There is nothing more frustrating as a parent then policing a dispute between your children. My children are 3 and 1 1/2 years old and I can assure you that neither their mother nor myself have ever taught them to argue and bicker. A sort of sibling rivalry seems to emerge throughout the toddler years and sometimes it causes my wife and I to scream, “ENOUGH!” During this year’s Simply Youth Ministry Conference I facilitated a discussion that reminded me of this.
One of the obstacles many youth leaders identify in reaching the students of their community are the para-church organizations that are looking to reach the same students they are. Many church based youth leaders identify these ministries as counterproductive to the work of the local church and many para church ministries would say their biggest obstacle to reaching un-churched students are the local churches. So, who is right? Who should champion the efforts of reaching these students? Is it the local church? Bill Hybles famously states, “The local church is the hope of the world.” The ministries of Jesus and Paul seems to affirm the importance of the local church. Or, should the mandate of the Great Commission give para church organizations free reign to reach the lost for Christ.

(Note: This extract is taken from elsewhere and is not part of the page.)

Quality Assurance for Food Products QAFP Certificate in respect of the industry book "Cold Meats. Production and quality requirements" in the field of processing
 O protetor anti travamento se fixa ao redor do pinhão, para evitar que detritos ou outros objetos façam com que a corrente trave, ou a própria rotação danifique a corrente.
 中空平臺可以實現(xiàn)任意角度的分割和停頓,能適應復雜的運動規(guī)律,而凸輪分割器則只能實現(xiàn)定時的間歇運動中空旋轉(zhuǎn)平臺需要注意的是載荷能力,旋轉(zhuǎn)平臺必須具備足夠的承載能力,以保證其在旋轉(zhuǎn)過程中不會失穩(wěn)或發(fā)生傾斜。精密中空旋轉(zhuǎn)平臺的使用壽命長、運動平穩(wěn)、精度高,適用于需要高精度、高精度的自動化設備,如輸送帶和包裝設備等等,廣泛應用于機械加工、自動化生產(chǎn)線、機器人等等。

The truth is Jesus should be championed and if we believe what He says, then unity matters most. In John 17 we are given insight on Jesus’ parting earthly prayer and this prayer focuses on His disciples, Jesus specifically asks that all His followers would seek unity. Jesus prays, in John 17, “I have given them the glory that you gave me, that they may be one as we are one— I in them and you in me—so that they may be brought to complete unity. Then the world will know that you sent me and have loved them even as you have loved me” – John 17:22-23 (NLT).
I have learned a lot about managing this tension in my 9 years as a young adults pastor ministering to students at the local state university. A quick perusal through the student organization manual would reveal 30+ evangelical ministries all looking to introduce students to Jesus Christ. Many of these student groups were made up of national para-church organizations; Campus Crusade, Navigators, Chi Alpha, Intervarsity, YoungLife, etc… On the other had many of these campus groups were local churches that each wanted a piece of the college ministry pie. Every Fall at the student organization fair I am amazed at the booths, banners, flyers and posters given away to college students. An un-churched college student has the ability to choose between Christian ministries the same way they can choose which bar to spend their Friday night. So many of these ministries believe they are in competion with each other and more Christian leaders are worrried about their egos and their logos the more the un-churched and even believers will get disenfranchised with Christian ministry.

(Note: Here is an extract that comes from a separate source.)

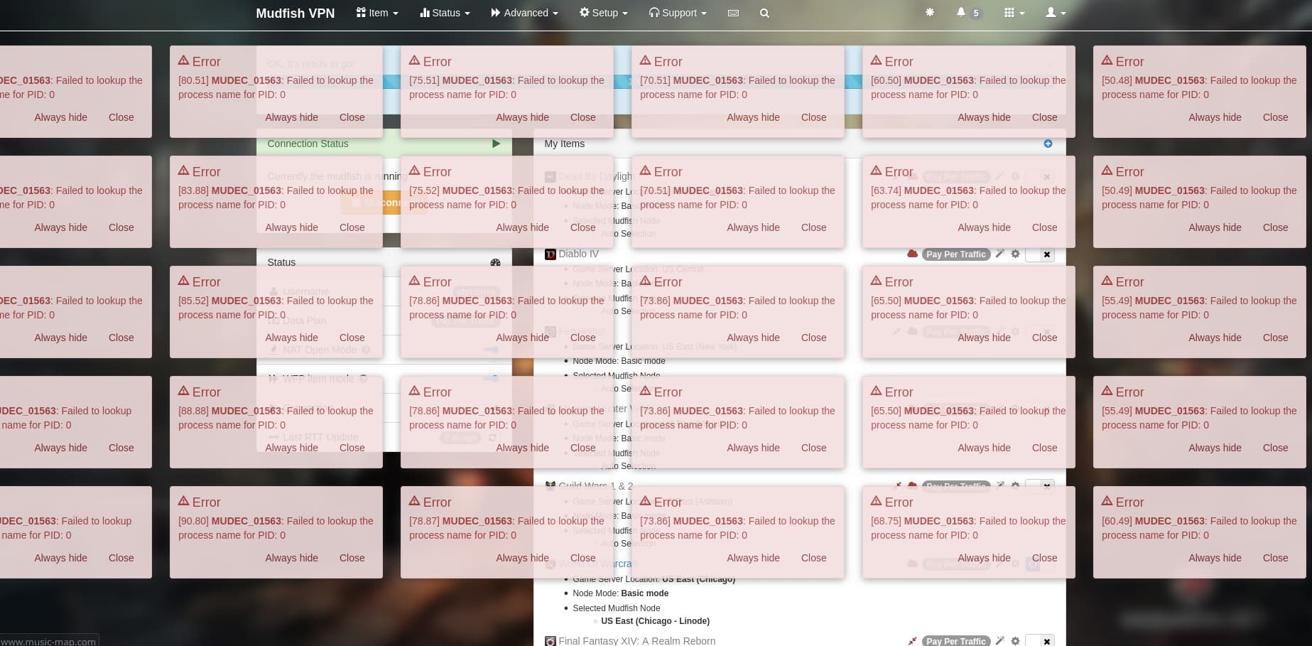 Mudfish is displaying this error MUDEC_01563: Failed to lookup the process name for PID: 0 I don’t know if it affects the connection to the node but I can’t see anything about MUDEC_01563 any ideas how to fix this?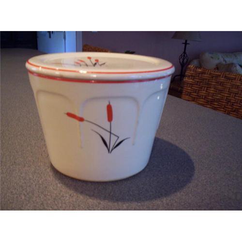 <table width="100%" border="0" cellspacing="0" cellpadding="4"><tr><td><em> </em></td></tr><tr> <td width="100%"> This is a grease or drippings jar made by Universal Potteries probably in the late 40's. It is done in their cattail design. No chips or cracks are noted. The colors are bright and have few scratches. There is some light crazing and discoloration around the lid to the jar. It is 4.5" tall and has a 6" diameter. I have never seen one of these in such good condition. This would be a welcome addition to any kitchen collection. </td></tr><tr> <td> </td></tr><tr> <td>Reference #: C18</td></tr><tr><td>Condition:Very good</td></tr><tr><td>Year:circa 1948</td></tr><tr><td>Title:Universal Potteries Cattail Grease Jar</td></tr><tr><td>Location:Montgomery, Alabama</td></tr></table>

Paul tells us that there are different parts of the body that are called to perform different functions. Each ministry in town has the potential to reach students in their own unique way and this needs to be championed by the Local Church. Unfortunately what we disagree on gets elevated more than what we actually do agree on, that every student needs the touch and forgiveness of Jesus Christ in their lives.
Here are 5 practical ways you can begin to collaborate with other ministries rather than compete with them:
Meet with leaders of other ministries.
Get to know the leaders of other ministries in town. Get to know them apart from the ministry setting. Ask them about their past, why they are in ministry, what is important to them. Find out what their ministry philosophy is and how they desire to reach students. You may find an ally in ministry or someone who complements the ministry you oversee. The point here is relationship.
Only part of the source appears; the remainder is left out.